Earthquake News

Israel is not prepared for the impending major earthquake, according to analysis

On December 19, 2019, participants in a simulation simulating an earthquake in Ashkelon included the Home Front Command, Israel's Magen David Adom Emergency Medical Services, the Knesset Honor Guard, and firefighters.

The two earthquakes that shook Israel in less than 24 hours need to serve as a warning for the government and security agencies to get ready for an impending major one.

At 11:36 p.m., a 3.7-magnitude earthquake occurred. on Saturday evening, with a 19 km wide epicenter. According to the Geological Survey of Israel, Beit Shean is to the northeast. On Sunday around noon, a 3.5-magnitude earthquake occurred near Tiberias.

Although relatively minor, residents of Beit She'an, Afula, and other nearby cities were evacuated from structures.

Although the majority of earthquakes in the area are small, scientists have cautioned that Israel should be prepared for a large earthquake with a Richter scale greater than 6 to strike at any time.

The nation is located along the Great Rift Valley's Syrian-African Fault, which extends from northern Syria to Mozambique and crosses the boundary between Israel and Jordan.

Sediments from the Dead Sea were disturbed by earthquakes, as seen in the drill core. (Image courtesy of TEL AVIV UNIVERSITY)

Israel experienced its most recent significant earthquake in 1927, close to Jericho. It measured 6.2 on the Richter scale and caused 700 extra injuries in addition to nearly 500 fatalities. On January 1, 1837, a second significant earthquake with a Richter magnitude of 6.5 occurred in the Galilee close to Safed. A following landslide caused it to kill 6,000–7,000 people, according to estimates.

Home Front Command has trained more than 74,000 pupils to act as first responders in the event of an earthquake and provide assistance until professional rescue personnel arrive. The government has been sponsoring programs related to earthquake preparedness.

Israel's ambitious TAMA 38 national plan, which called for extensive reinforcing of ancient structures around the nation, was approved in 2005.

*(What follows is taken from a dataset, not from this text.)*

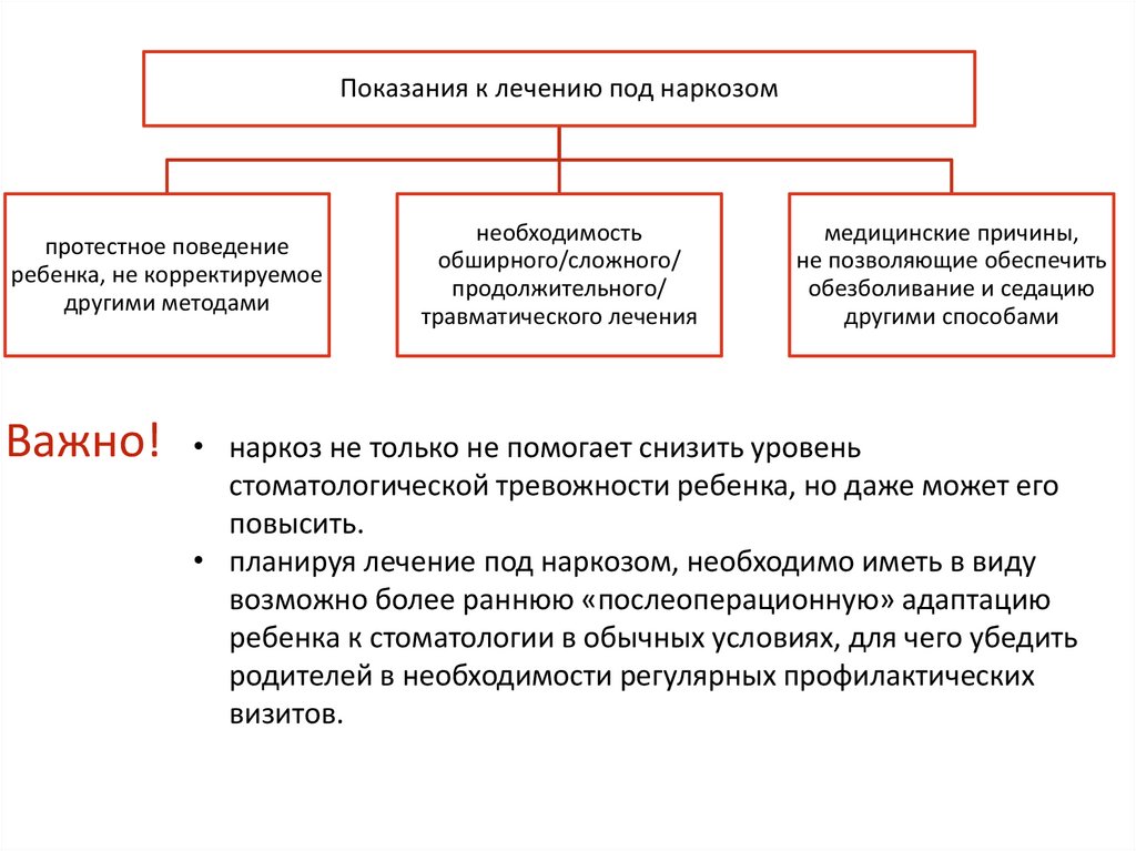 • планируя лечение под наркозом, необходимо иметь в виду

Only a small number of the over 150,000 residential buildings that were intended to be reinforced have been reinforced in the 16 years following the plan's inception. The majority of them are in the center of Israel, not in outlying areas like Beit She'an, Tiberias, or Afula, which are nearer to the Great Rift Valley and would most likely be destroyed by a significant earthquake.
Along the rift, thousands of Israelis reside in structures that would probably collapse or sustain substantial damage when the big earthquake hits

Although Israel is theoretically prepared for earthquakes and where they might occur, as well as where they might be greater or weaker, Brig.-Gen. Former head of the National Emergency Authority (RAHEL), (ret.) Zeev Zuk-Ram (Vova), told The Jerusalem Post in a recent interview.

Although we have a considerable deal of expertise, we cannot argue that we are operationally equipped... According to him, preparation doesn't simply involve fortifying buildings and hospitals; the populace also needs to be ready for when it occurs.

Home Front Command has participated in several drills, is regarded as one of the top organizations for search and rescue operations, and is capable of being transported to disaster sites, but it will not be able to handle the catastrophe the nation will face.

According to a report from the Construction and Housing Ministry in August 2020, just NIS 7 million of the NIS 5 billion the government had set out for earthquake-proofing structures had actually been transferred.

Defense Minister Benny Gantz issued a warning last year, saying that since neither the infrastructure nor the authorities are equipped to handle such a situation, prompt action is needed.

He warned at a RAHEL conference that "the window of opportunity" to get ready for such a major earthquake is narrowing.

He said, "We need RAHEL to gather all the various elements. Although earthquake preparedness has increased over the past few decades, Israel still has 80,000 dwelling units that are extremely vulnerable to collapsing in the event of an earthquake.

Gantz compared the predicament to Israel's lack of preparedness before and throughout the current coronavirus pandemic. But, he noted, "with an incident such as an earthquake, there is no time... Hence, the preparedness should start now," unlike with COVID-19, where authorities had time to learn about the virus and respond to it.